= DATASET RECORDS =
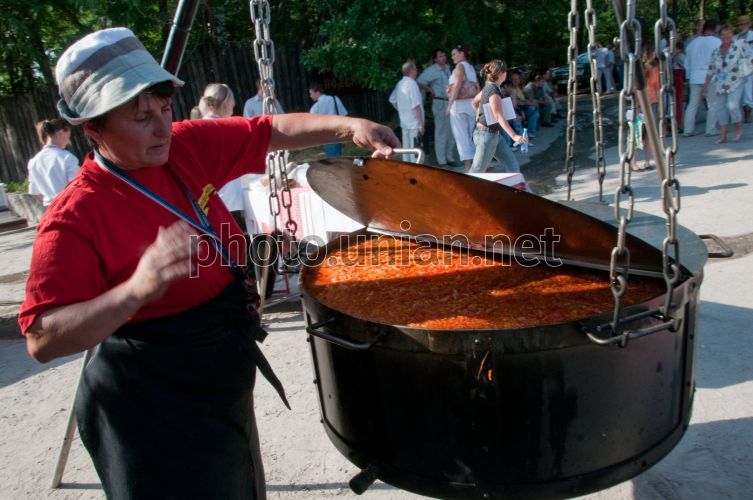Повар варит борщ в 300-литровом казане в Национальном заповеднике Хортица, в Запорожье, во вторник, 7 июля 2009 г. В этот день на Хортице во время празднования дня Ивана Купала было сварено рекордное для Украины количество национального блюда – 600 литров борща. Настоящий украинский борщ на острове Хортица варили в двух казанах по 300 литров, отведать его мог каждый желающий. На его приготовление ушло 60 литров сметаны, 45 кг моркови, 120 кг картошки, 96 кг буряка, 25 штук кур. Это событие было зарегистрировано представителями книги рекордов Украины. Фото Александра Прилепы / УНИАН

...

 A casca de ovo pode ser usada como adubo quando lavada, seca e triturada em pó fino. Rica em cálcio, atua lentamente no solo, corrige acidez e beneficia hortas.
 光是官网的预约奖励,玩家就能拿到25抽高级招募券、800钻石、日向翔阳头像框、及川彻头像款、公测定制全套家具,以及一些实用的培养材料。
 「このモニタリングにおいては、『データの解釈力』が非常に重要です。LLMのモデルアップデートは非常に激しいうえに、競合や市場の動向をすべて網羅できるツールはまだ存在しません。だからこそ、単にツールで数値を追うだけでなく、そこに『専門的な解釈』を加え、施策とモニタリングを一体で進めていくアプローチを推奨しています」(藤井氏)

==

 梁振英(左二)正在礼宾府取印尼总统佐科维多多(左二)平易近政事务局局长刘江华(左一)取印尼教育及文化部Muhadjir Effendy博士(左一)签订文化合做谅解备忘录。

= TASK REQUIREMENTS =
Please, from the entries above, set down exactly the lines from the one containing "A casca de ovo" through the one containing "光是官网的预约奖励,玩家就能", and only those.

= SOLUTION FOR THIS TASK =
 A casca de ovo pode ser usada como adubo quando lavada, seca e triturada em pó fino. Rica em cálcio, atua lentamente no solo, corrige acidez e beneficia hortas.
 光是官网的预约奖励,玩家就能拿到25抽高级招募券、800钻石、日向翔阳头像框、及川彻头像款、公测定制全套家具,以及一些实用的培养材料。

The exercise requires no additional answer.